When you do finally run the model, really the most important thing to make good use of it is feeding it effective prompts. The model will respond better or worse depending on the way you express yourself. This sparked interest in "prompt engineering" - figuring out how to communicate with ready-made models effectively to make them do the right job and achieve desired outcomes. This could be very useful to you as an operator.

https://platform.openai.com/docs/guides/prompt-engineering/
https://lilianweng.github.io/posts/2023-03-15-prompt-engineering/
https://www.promptingguide.ai/
https://learnprompting.org/docs/intro

So, finally, how do you actually run this stuff?
With something like ollama (https://ollama.ai/) or LocalAI (https://localai.io/), it's pretty simple and painless. You can easily interact with the LLM from your terminal or the HTTP API that is usually similar to the one from OpenAI (so maybe check out their docs too?). Both of these open-source projects have decent documentation.
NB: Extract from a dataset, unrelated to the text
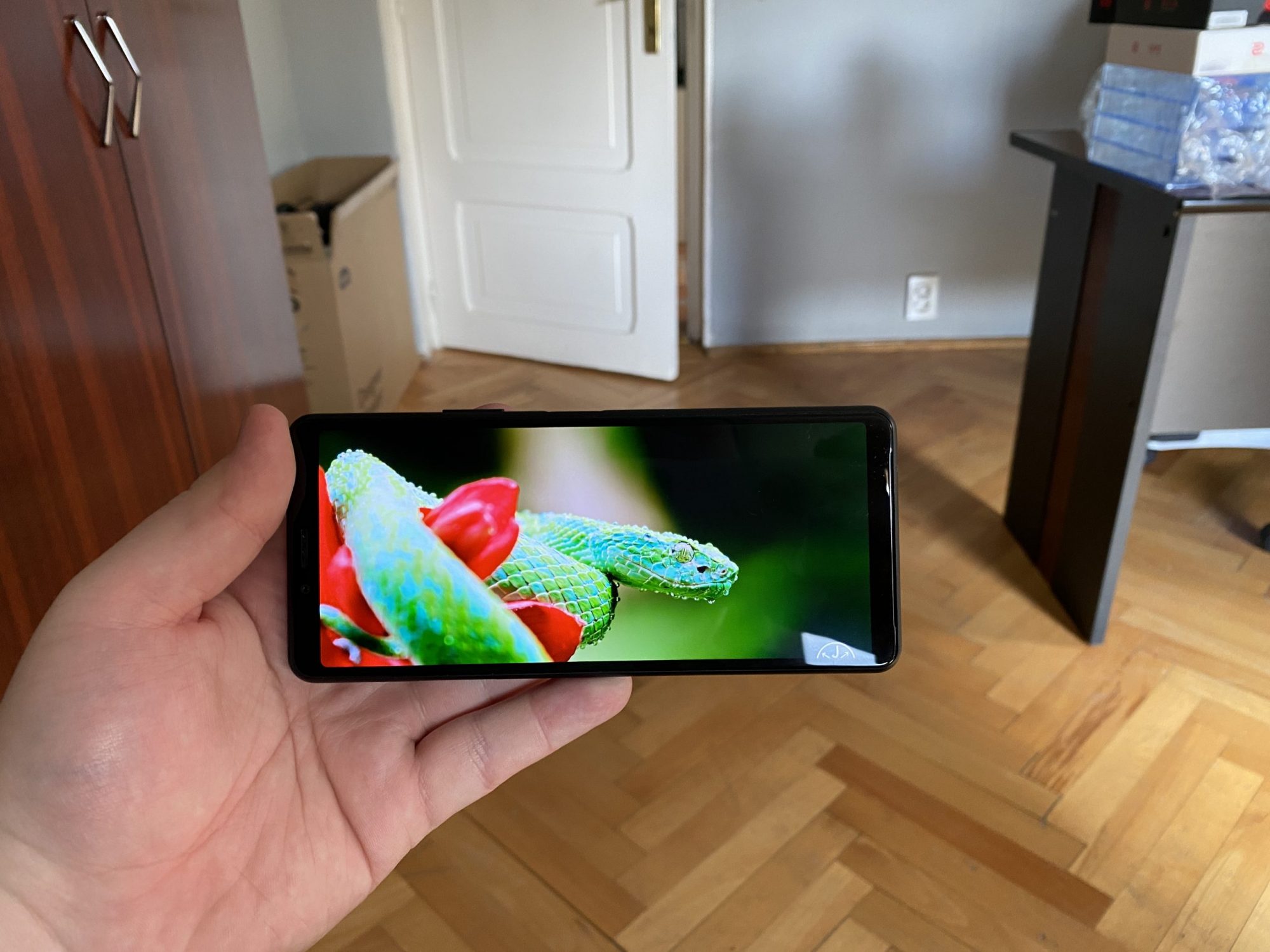 Discutam despre un ecran OLED in format 21:9. Se vede foarte bine nu am vazut pixelii, este suficient de luminos incat sa poata fi folosit in bataia soarelui, raspunde bine la comenzi si are culorile naturale.
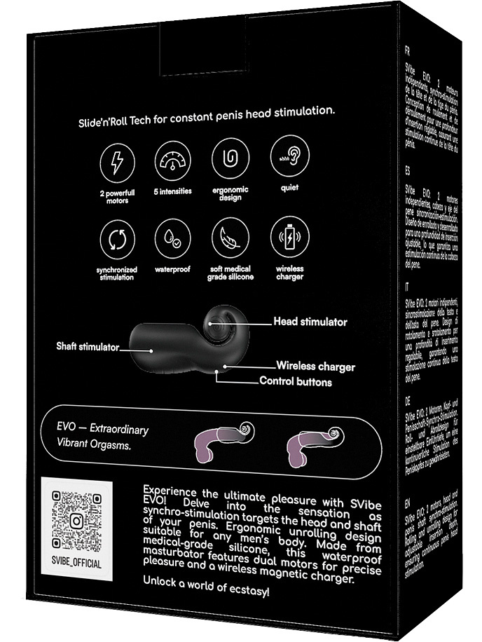 Evo by SVibe is a revolutionary masturbator, designed to stimulate the glans and shaft at the same time so you can experience synchronized pleasure. In each part (the glans stimulation section and the surface for the shaft) there is a motor that delivers intense vibrations. Start the vibrations and customize your pleasure by choosing the perfect intensity-level. Don't forget water-based lube before diving into a great solo-adventure!

From the website of LocalAI:
> LocalAI acts as a drop-in replacement REST API that’s compatible with OpenAI API specifications for local inferencing. It allows you to run LLMs, generate images, audio (and not only) locally or on-prem with consumer grade hardware, supporting multiple model families that are compatible with the ggml format. Does not require GPU.

An example of installing and running `ollama` with 'mistral' model:
```
# pacman -S ollama
$ ollama serve &
$ ollama pull mistral
$ ollama run mistral
```

You can also install a local WebUI and plug into your locally deployed API. There are plenty open-source options to choose from, for example big-AGI (https://big-agi.com/) or Cheshire Cat (https://cheshirecat.ai/).

Where to go next? Here are two deligthful pieces with a ton of links to other sources:
https://www.borealisai.com/research-blogs/a-high-level-overview-of-large-language-models/
https://flyte.org/blog/getting-started-with-large-language-models-key-things-to-know

No AI was harmed in the making of this blog post.